**Exercise instructions**:
Please reproduce the entries exactly, skipping each picture.

**Provided records**:
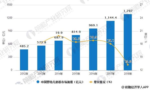 2012-2018年中国婴幼儿奶粉市场规模及增长情况
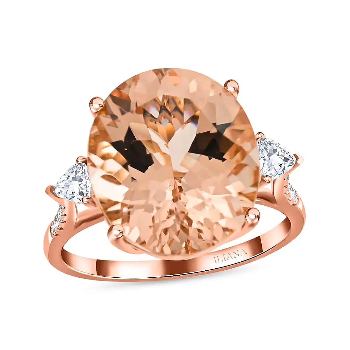 Adorn yourself with the unparalleled quality of the AAA Marropino morganite and diamond ring. This piece, meticulously crafted in 18K rose gold, showcases a premium grade AAA Marropino morganite, complemented by striking trillion-shaped diamonds.
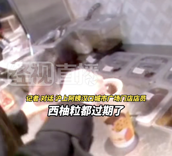 另一家知名茶饮品牌沪上阿姨也被曝光。记者在沪上阿姨汉口城市广场店内看到用来制作杨枝甘露的西柚粒已过期,店员经提醒后只是笑笑,并且重新打印小料保质期,继续用过期材料制作茶饮。
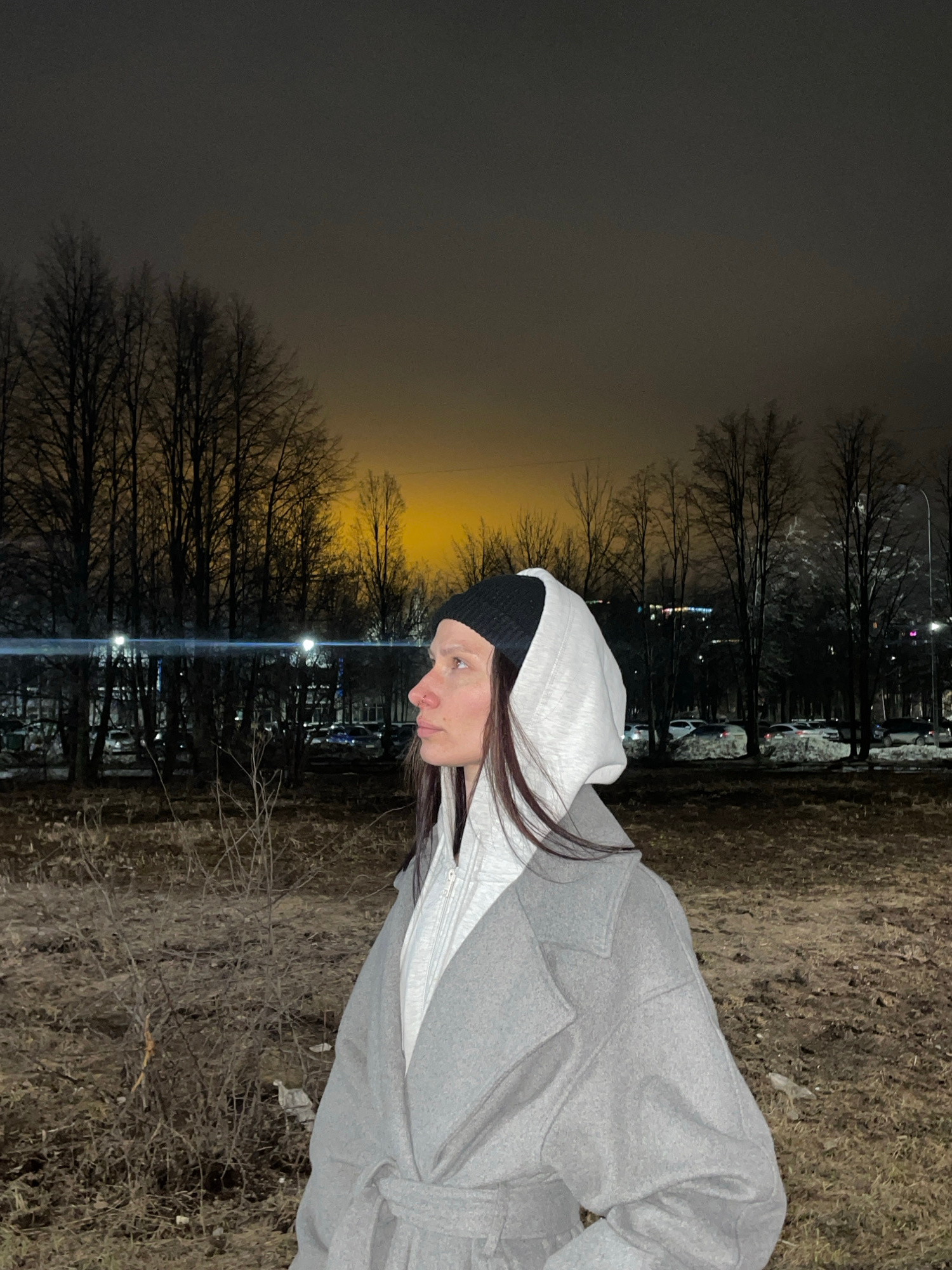A woman wearing a gray coat with a hood and a black beanie stands outside at night. The location appears to be a park or wooded area in Izhevsk, Russia, with bare trees and sparse vegetation. In the b…read more
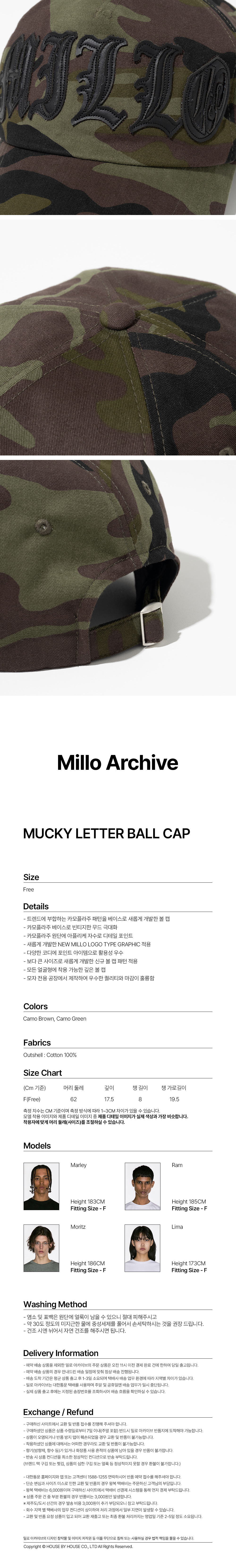 밀로 아카이브 머키 레터 볼 캡 카모 그린

**Output below**:
 2012-2018年中国婴幼儿奶粉市场规模及增长情况
 Adorn yourself with the unparalleled quality of the AAA Marropino morganite and diamond ring. This piece, meticulously crafted in 18K rose gold, showcases a premium grade AAA Marropino morganite, complemented by striking trillion-shaped diamonds.
 另一家知名茶饮品牌沪上阿姨也被曝光。记者在沪上阿姨汉口城市广场店内看到用来制作杨枝甘露的西柚粒已过期,店员经提醒后只是笑笑,并且重新打印小料保质期,继续用过期材料制作茶饮。
A woman wearing a gray coat with a hood and a black beanie stands outside at night. The location appears to be a park or wooded area in Izhevsk, Russia, with bare trees and sparse vegetation. In the b…read more
 밀로 아카이브 머키 레터 볼 캡 카모 그린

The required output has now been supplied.